Records for processing:
= Beginning of Section =
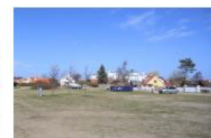
Byen og stejlepladsen
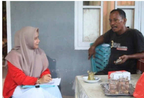
Informan Pedagang Pengumpul Buah Naga Desa Sukamaju
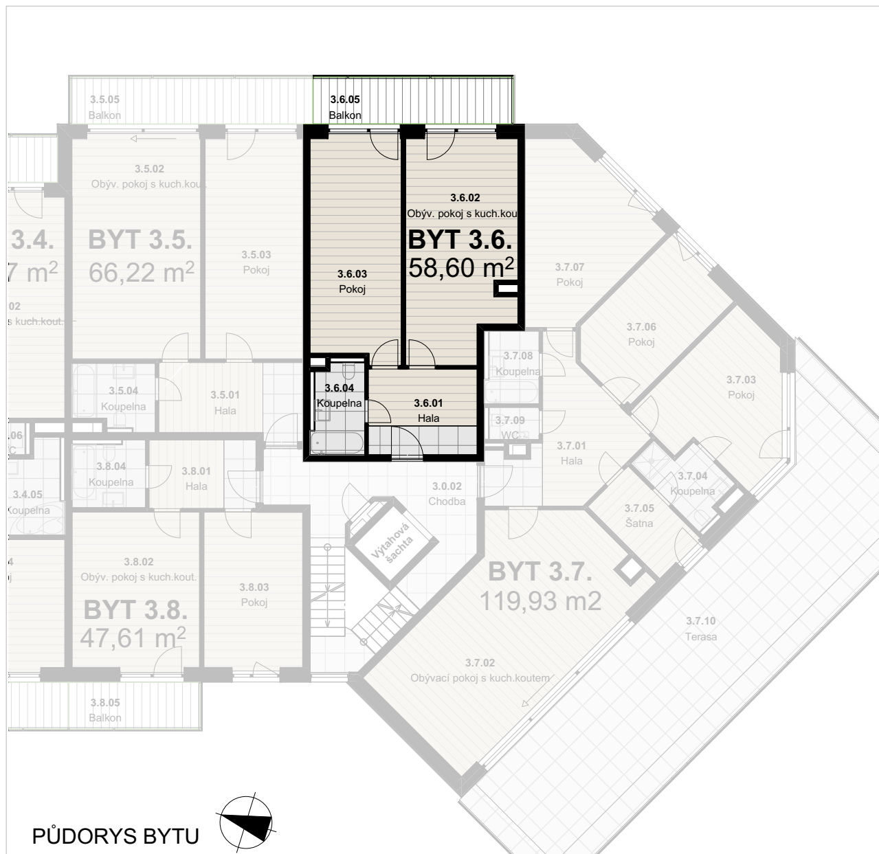
SITUACE - POLOHA BYTU
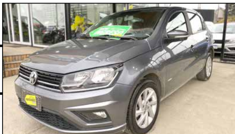
VOLKSWAGEN GOL TREND COMFORT. 2020 KM 19000. $ 3.100.000
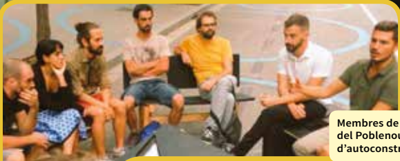
Membres de l'AJAC debaten a la superilla del Poblenou sobre els nous processos d'autoconstrucció.
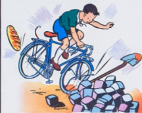
ré mi n'a pas vu le tas de pa vés
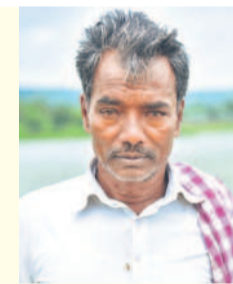
మా బాధలు వట్టింతుకోండి సారూ.. లస్సర్లు విడుదల చేసి దాదాపుగా సంవత్సరం కాలం అవుతున్నది. నిత్యం ఉదయం 10 గంటల నుంచి సాయంత్రం 5 గంటల వరకు విధులు నిర్వహిస్తున్నా. సర్కస్ వద్ద చెరువు కట్టపై కలుపు మొక్కలు తొలగిస్తున్నా. రైతులకు సరఫరా నీటిని క్రమం తప్పకుండా విడుదల చేస్తున్నా. వర్షానికి తడుస్తూ.. ఎండకు ఎందుకూ.. విధులు నిర్వహిస్తున్నా. ఆరు నెలలుగా జీతాలు రాకపోవడంతో దాదాపు రూ. లక్షకు పైగా అప్పు చేసినా. అప్పులు తీసుకొని విధులకు హాజరు కావాల్సిన దుస్థితి ఏర్పడింది. మా బాధలను జర పంట్లించుకోండి సారూ..
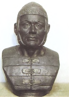
Саргатский мужчина 40-45 лет. Антропологическая реконструкция, выполненная по черепу мужчины из Старо-Лыбаевского могильника, Заводокуровский район).

Союз журналистов Тюменской области Областная организация "МедиаСоюза" России Департамент информационной политики Администрации Тюменской области Департамент информации и социально-политических исследований Администрации Ямало-Ненецкого автономного округа Комитет СМИ и полиграфии Ханты-Мансийского автономного округа Фотоагентство "Тюмень"
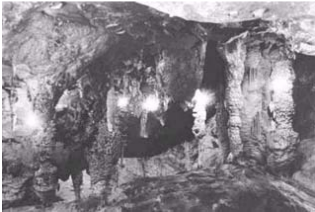
Grutas del Palmito o de Bustamante
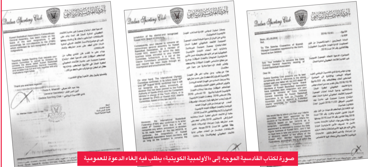
صورة لكتاب القادسية الموجه إلى «الأولمبية الكويتية» يطلب فيه إلغاء الدعوة للعمومية

طالب بإلغاء الدعوة إلى «عمومية السلة» وادعى عدم أحقية «الأولمبية» بتوجيهها
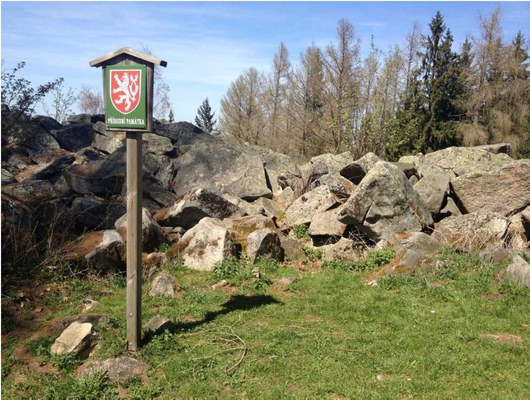
Okraj území s hraničnίκem u rozhledny
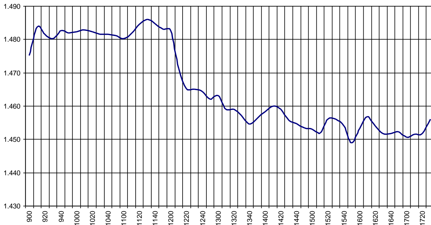
Valor medio del índice IBEX MAB® 15 cada 10' (Index Average every 10')
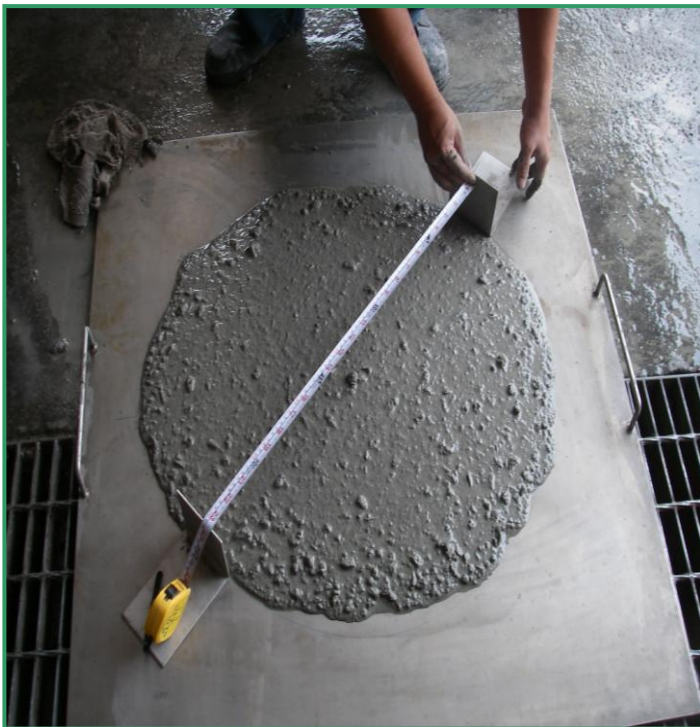
SCC R1 坍流度 65cm~75cm 通過 50 公分圓周時間 6.5 秒 0 分鐘初始坍流度 72cm
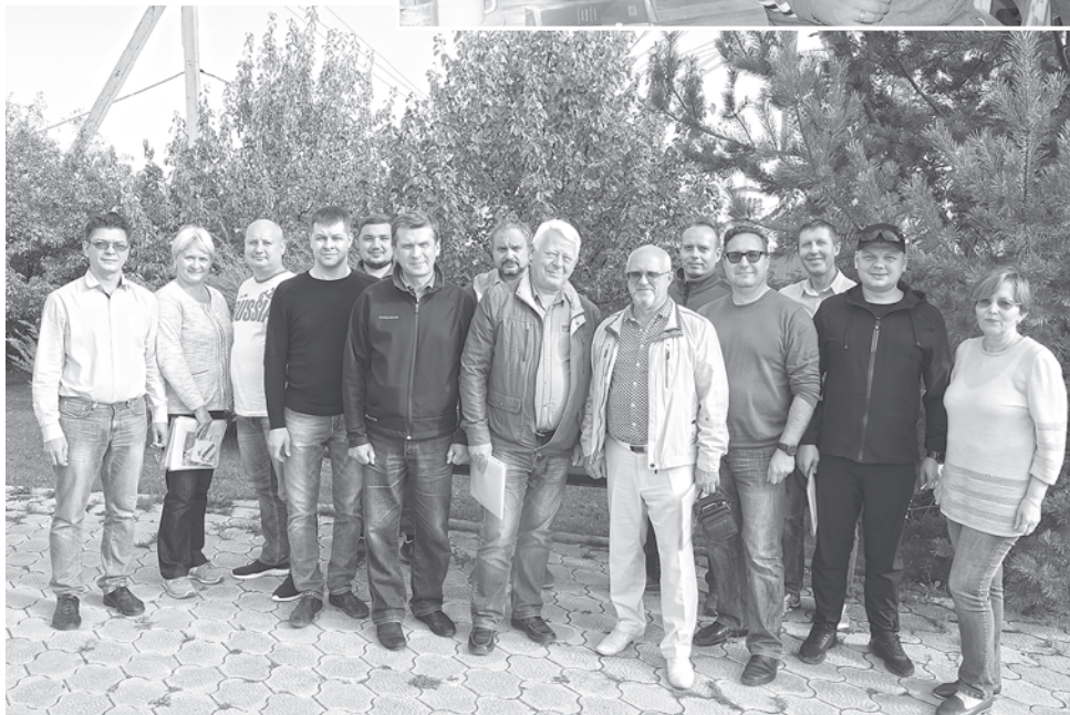
Фото на память. Профсоюзные эксперты, которые определяют правозащитную деятельность профобъединения

ний проводить такой осмотр и о недопуске к работе в связи с непрохождением обучения по охране труда из-за того, что обучающие центры не работают в связи с коронавирусной инфекцией.
= End of Section =
What you will do: Restate word for word every line from the top of the entries above to the line with "VOLKSWAGEN GOL TREND", inclusive, and skip any pictures.

Answer box:
Byen og stejlepladsen
Informan Pedagang Pengumpul Buah Naga Desa Sukamaju
SITUACE - POLOHA BYTU
VOLKSWAGEN GOL TREND COMFORT. 2020 KM 19000. $ 3.100.000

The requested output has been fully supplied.